2022.10.29
# 宗教 # 週刊現代

【インタビュー】僧侶・釈徹宗が「宗教ってあなどれない」と実感した、広島、バチカン、エルサレムのこと

週刊現代 プロフィール

広島という「聖なる場所」

長男なのでお寺を継ぐことに迷いはなかったんですけど、先のことだと思っていました。

ところが、高校1年の時に祖父が亡くなったんです。当時の如来寺は、田舎のお寺ならではの法要・法事が多く、一日も早く僧侶として立たなければいけなくなりました。

そこで専門に浄土真宗を学べる龍谷大学に入学したものの、お寺の手伝いを優先して、学校はあまり行ってませんでした。今思えば、非常に不真面目な学生でしたね。

研究者になるなんて考えもしなかったのに、4回生の時に信楽峻麿(しがらきたかまろ)教授が「キミの卒論は大変面白かった」とほめてくださいました。

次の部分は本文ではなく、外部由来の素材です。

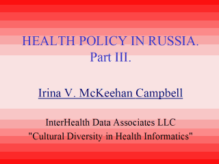 of this lecture? 1993 HEALTH INSURANCE ACT OF RUSSIA AND EQUITY Privatization of medical care was hindered in Russia by the lack of a legal framework to undergird the operation of market forces within the post-Coup Russian economy. Russia's struggle to join the international community of democratic nations has been a painfully slow process of transferring state-owned and operated industries, factories, and medical facilities over to private ownership. |

それで、「大学院に進みなさい。とりあえず籍を置いとくだけでもいいから」と半ば強引に誘ってくださった(笑)。それで大学院生活がスタートしました。

やり始めると面白くなって、大阪府立大学の大学院に入り直し、花岡永子先生のもとで比較宗教の研究に没頭する日々。信楽先生は広島のお寺のご住職、花岡先生も広島のご出身なので、広島弁を耳にすると今でも有り難い気持ちになりますね。

 

恩師や友人たちに会うためにしょっちゅう行き来していた広島は大変な悲劇を経験した土地だから、行くたびになんとも言えない気持ちになるんです。

エレベーターに乗ると、気圧の変化で被爆三世の友人が耳や鼻から出血するんです。三世でもそうなのかって胸が痛くなっていた時に、水野潤一さんの『しづかに歩いてつかあさい』っていう詩を知ったんです。

この詩は、今は大都会になったけど、かつては死んだ母を想って子がうずくまっていた場所だから、静かに歩いてくださいねっていう詩なんです。

僕らの足の下ではこれまでどれほどの生と死、苦労と喜び、涙と笑い声が紡がれてきたんだろうって考えたら、どの土地もとても愛おしくなって気の持ちようが変わりました。僕はこの詩と広島から「聖なる場所」とのお付き合いの仕方を学んだ気がします。